What needs to be done: An exact copy of the entries, with every picture omitted, is what is needed here.

[Records from a dataset]
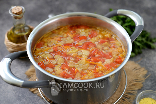 Добавьте в суп измельченный ревень и нарезанный кубиком спелый помидор. Варите минут 5-7.
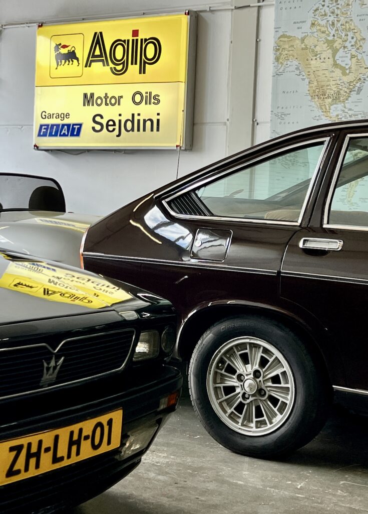 Het is het minst succesvolle topmodel van Alfa Romeo, de Sei, dat we aantreffen in een anonieme bedrijfsunit in Naarden, waar Guido zijn bescheiden verzameling auto’s beheert. Er staan nog meer commerciële mislukkelingen: een donkerbruine Lancia Beta 1600 Berlina (1976), een lichtblauw metallieke Lancia Gamma Berlina 2500 i.e. (1982), een Maserati 2.24 (1992), een zwarte Fiat 130 3200 sedan (1973) en, als uitzondering op de regel, een vrij recente Fiat Barchetta. Voor het dagelijkse vervoer vertrouwt hij op zijn Lancia Thesis, wat eveneens geen kaskraker is geweest voor Lancia.
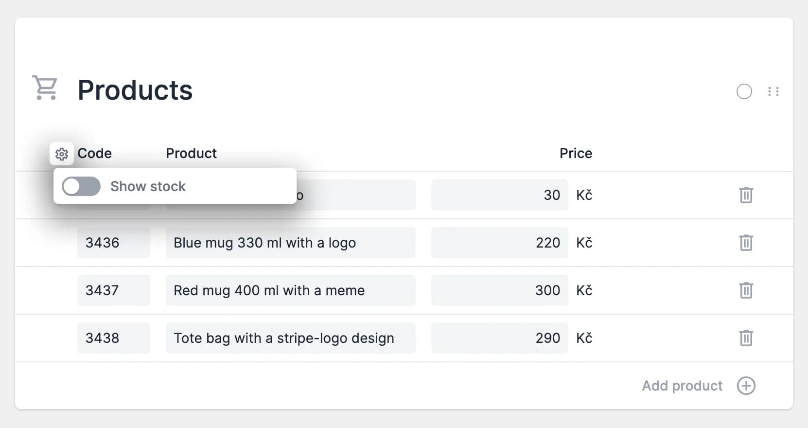 đź’ˇ In case you want to see the stock of your products, there is a toggle to display the stock status under the settings icon. The moment you have stocked these products, the exact number of available units will be displayed.
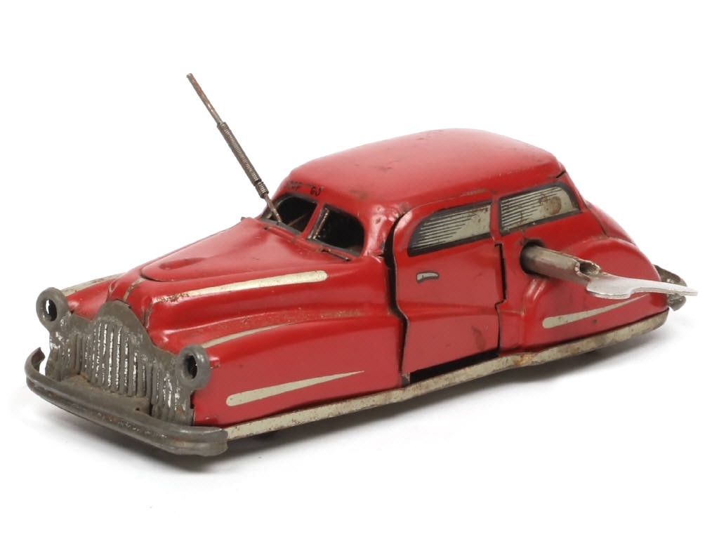 longueur : 13,5 cm - moteur à clef & mécanismes (fonctionnent, la portière ne se referme pas d'elle même, avec clef bloquée sur l'axe) - pare-chocs, roues, plancher, calandre & antenne plus ou moins ternis & oxydés
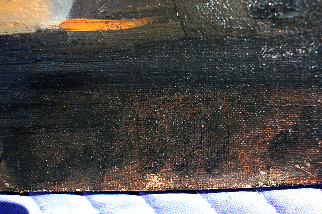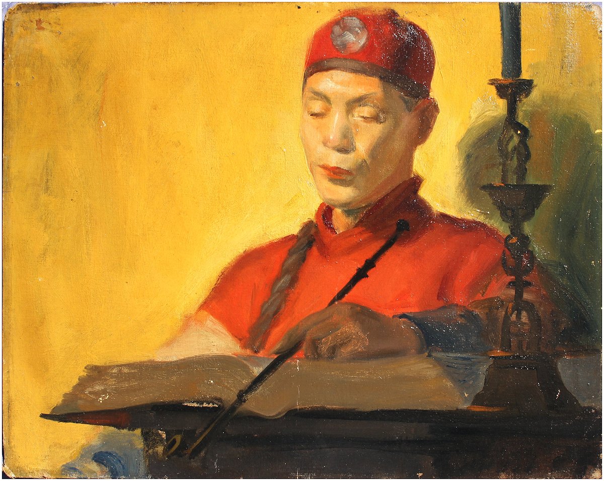 ATTRACTIVE MYSTERY PAINTING CHINESE SCHOLAR: Oil/Canvasboard, 16'' x 19.75'', possible signature lower right, unframed, circa 1940, possibly earlier.

Answer area:
 Добавьте в суп измельченный ревень и нарезанный кубиком спелый помидор. Варите минут 5-7.
 Het is het minst succesvolle topmodel van Alfa Romeo, de Sei, dat we aantreffen in een anonieme bedrijfsunit in Naarden, waar Guido zijn bescheiden verzameling auto’s beheert. Er staan nog meer commerciële mislukkelingen: een donkerbruine Lancia Beta 1600 Berlina (1976), een lichtblauw metallieke Lancia Gamma Berlina 2500 i.e. (1982), een Maserati 2.24 (1992), een zwarte Fiat 130 3200 sedan (1973) en, als uitzondering op de regel, een vrij recente Fiat Barchetta. Voor het dagelijkse vervoer vertrouwt hij op zijn Lancia Thesis, wat eveneens geen kaskraker is geweest voor Lancia.
 đź’ˇ In case you want to see the stock of your products, there is a toggle to display the stock status under the settings icon. The moment you have stocked these products, the exact number of available units will be displayed.
 longueur : 13,5 cm - moteur à clef & mécanismes (fonctionnent, la portière ne se referme pas d'elle même, avec clef bloquée sur l'axe) - pare-chocs, roues, plancher, calandre & antenne plus ou moins ternis & oxydés
 ATTRACTIVE MYSTERY PAINTING CHINESE SCHOLAR: Oil/Canvasboard, 16'' x 19.75'', possible signature lower right, unframed, circa 1940, possibly earlier.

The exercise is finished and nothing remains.